(Extracted data entries)
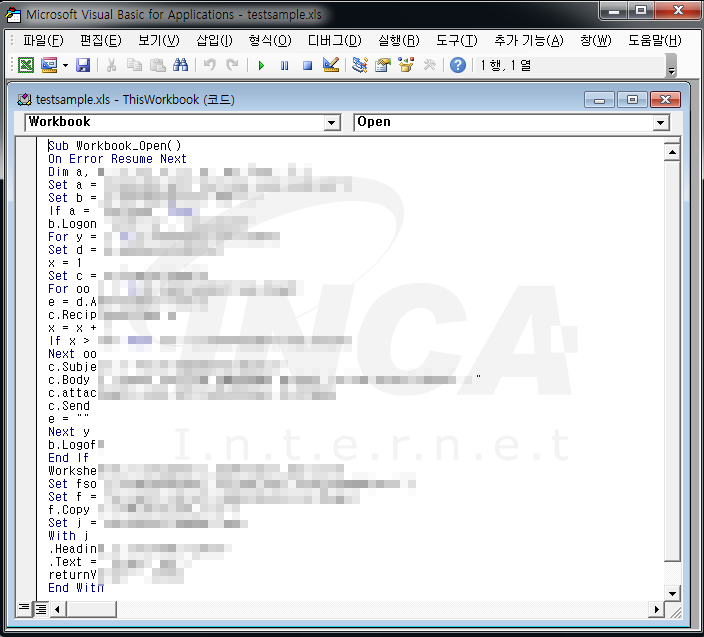 ‘Alcoul’ 이메일 웜은 문서 형태로 제작되어 문서 내부에 악성 매크로를 포함하고있다.
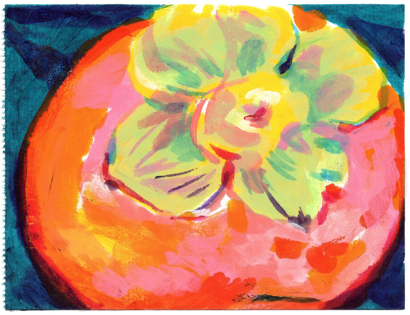 A painting of persimmons, done in tempera paint sticks. It is painted on perforated postcard paper and measures 107x140 mm.
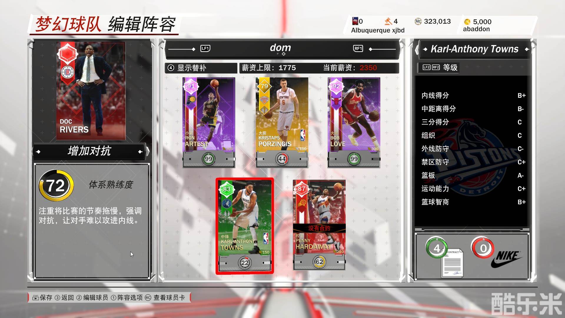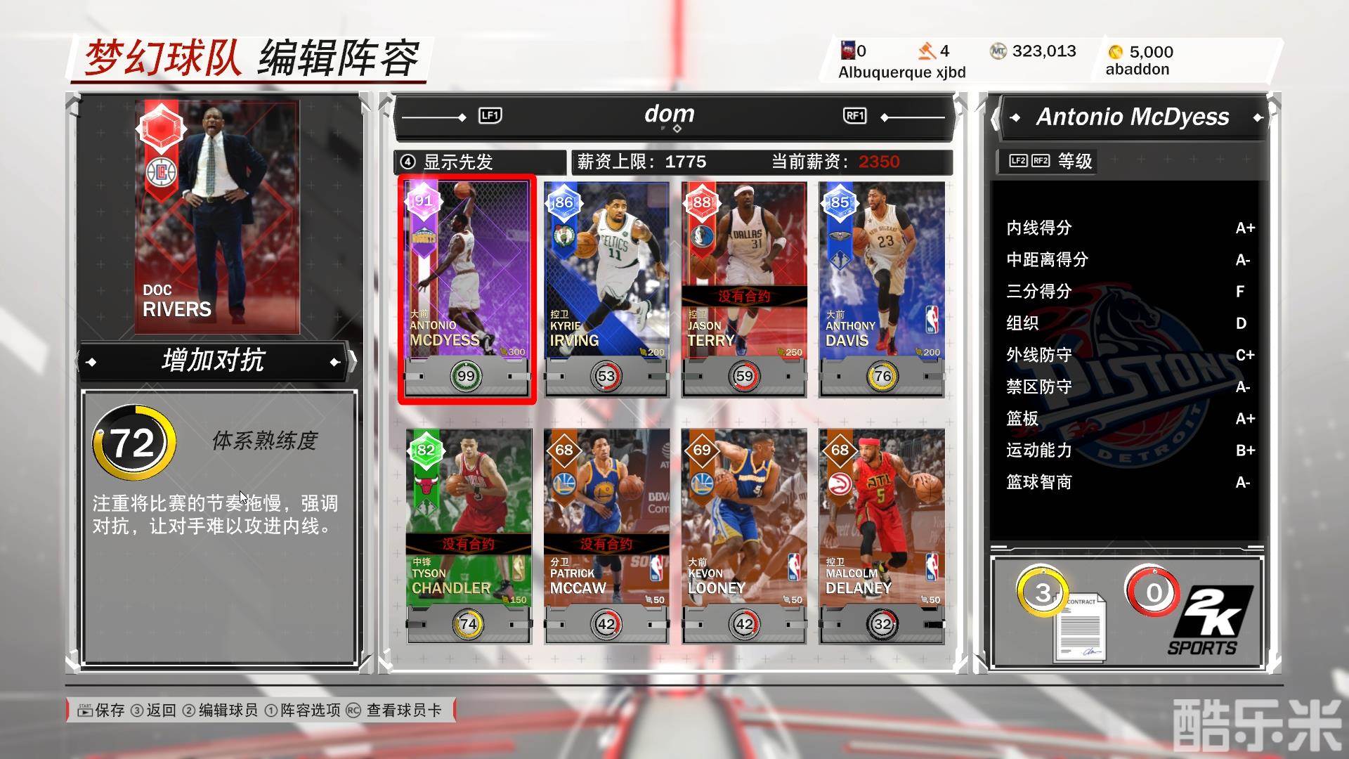 如图所示,用有单吃能力速度快的内线打pg,进攻阵型调成5-out,蹂躏电脑小后卫(亲测糖丝完全能单吃电脑控制的魔术师,前提是你得会沉底步之类的内线技巧,知道怎么打内线)。
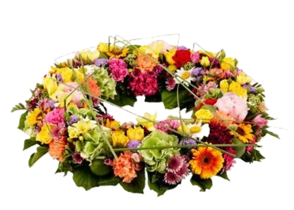 Rundpyntet krans med mange stærke farver. En blanding af blomster, som giver et levende udtryk. Lidt græsser i kransen. Et farverigt sidste farvel.
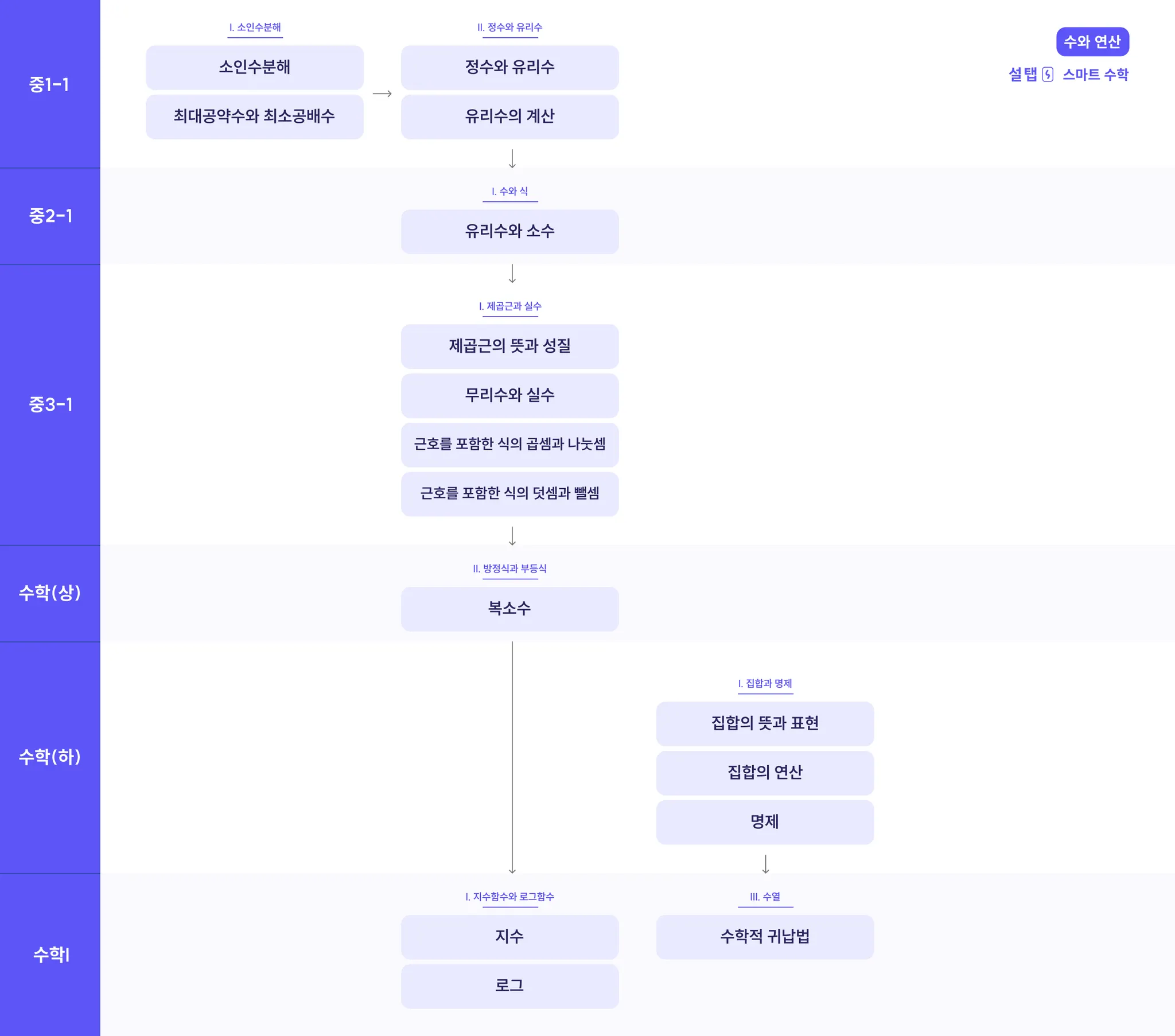 소인수분해, 유리수와 소수, 제곱근의 뜻과 성질, 복소수, 집합의 뜻과 표현, 지수, 로그 등

* WHAT NEEDS TO BE DONE
Excluding the pictures, output every entry above without alteration.

* RESPONSE TO THE TASK
 ‘Alcoul’ 이메일 웜은 문서 형태로 제작되어 문서 내부에 악성 매크로를 포함하고있다.
 A painting of persimmons, done in tempera paint sticks. It is painted on perforated postcard paper and measures 107x140 mm.
 如图所示,用有单吃能力速度快的内线打pg,进攻阵型调成5-out,蹂躏电脑小后卫(亲测糖丝完全能单吃电脑控制的魔术师,前提是你得会沉底步之类的内线技巧,知道怎么打内线)。
 Rundpyntet krans med mange stærke farver. En blanding af blomster, som giver et levende udtryk. Lidt græsser i kransen. Et farverigt sidste farvel.
 소인수분해, 유리수와 소수, 제곱근의 뜻과 성질, 복소수, 집합의 뜻과 표현, 지수, 로그 등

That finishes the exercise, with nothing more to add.